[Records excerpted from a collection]
-- Opening Marker --

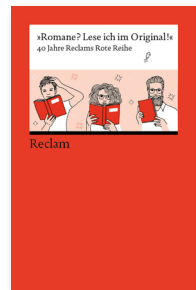
Prospekt (VE 25 St.) »Rote Reihe« ISBN 978-3-15-089143-8
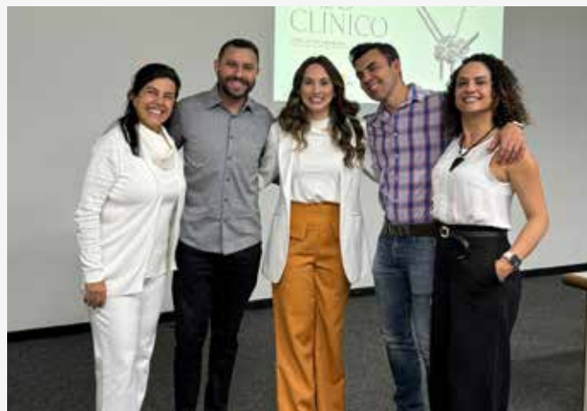
↑ Discussão de Caso Clínico FACSETE.
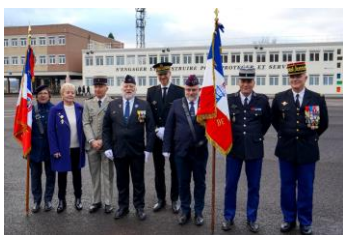
L'ANOPEX de la Corrèze a participé à la
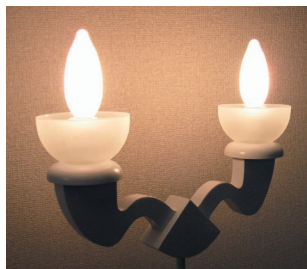
F3198-W 本体 拡大

2003年、桶田麻郁とNAMIKI DESIGNを設立し、オリジナルデザイン製品の開発を始める。現在は、照明器具のデザインを中心に幅広くデザインプロジェクトを手掛ける。

-- Closing Marker --

■ **Your goal**
What's needed is an exact copy of every entry, free of pictures.

■ **Completed exercise**
Prospekt (VE 25 St.) »Rote Reihe« ISBN 978-3-15-089143-8
↑ Discussão de Caso Clínico FACSETE.
L'ANOPEX de la Corrèze a participé à la
F3198-W 本体 拡大

2003年、桶田麻郁とNAMIKI DESIGNを設立し、オリジナルデザイン製品の開発を始める。現在は、照明器具のデザインを中心に幅広くデザインプロジェクトを手掛ける。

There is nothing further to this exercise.